As a new coach, you’re probably wondering whether you should focus on finding a niche right away or keep exploring different coaching areas. It’s a tough question to answer, but the good news is that you can do both.
Coaching is a set of skills, but it’s your unique strengths, interests, and experiences that determine your area of expertise or specialty. A niche, on the other hand, is the specific goals and challenges your specialty helps solve. People don’t pay for coaching, but for the transformation and result it provides.

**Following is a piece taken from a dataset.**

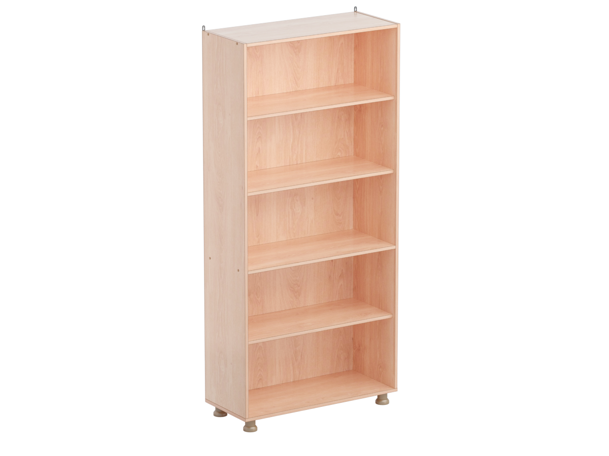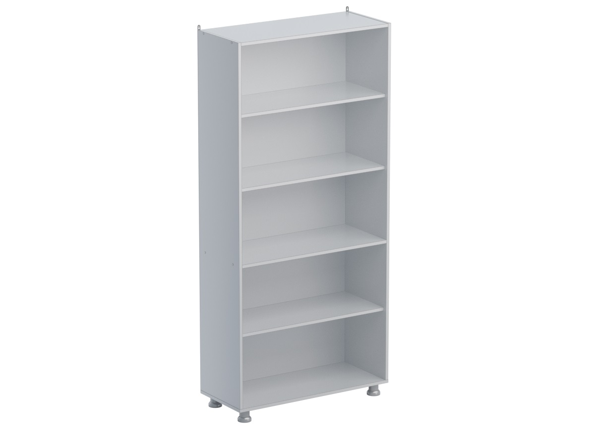 Стеллаж выполнен из ламинированной ДСП 16 мм, торцы обрамлены кромкой ПВХ. Конструкцией шкафа предусмотрены 4 полки на полкодержателях. Шкаф снабжен регулируемыми опорами, позволяющими компенсировать неровности пола. Размер: 849х360х1835 мм.

So, should you be a generalist and take any clients you can get? You can, but it’s going to make it a lot harder to gain traction as a coach. Figuring out your specialty, niche, and value takes trial and error. Here’s what I suggest for new coaches in those early, messy days instead:
- Create a list of topics and challenges that interest you and you’re passionate about.
- Use your gut and information to pick one niche to test out. This is your hypothesis.
- Go all in on that niche with your content, marketing, and connections for a specific period of time. Be agile.
- When something works well, spend some time thinking about why. When something doesn’t work well, spend some time thinking about why. Be curious.
- Use the data collected to determine if you want to keep going down that path, make slight adjustments, or try the next idea.
- Keep experimenting, improving, and innovating.
The speed of your experiments, your willingness to fail fast and forward, and the quality of your reflection will determine how quickly you find your niche. Just know that it will evolve and change over time.
Finding a niche vs. exploring your specialty isn’t an either-or question. As a new coach, you can focus on both by testing one niche at a time and being open to opportunities outside of your defined niche.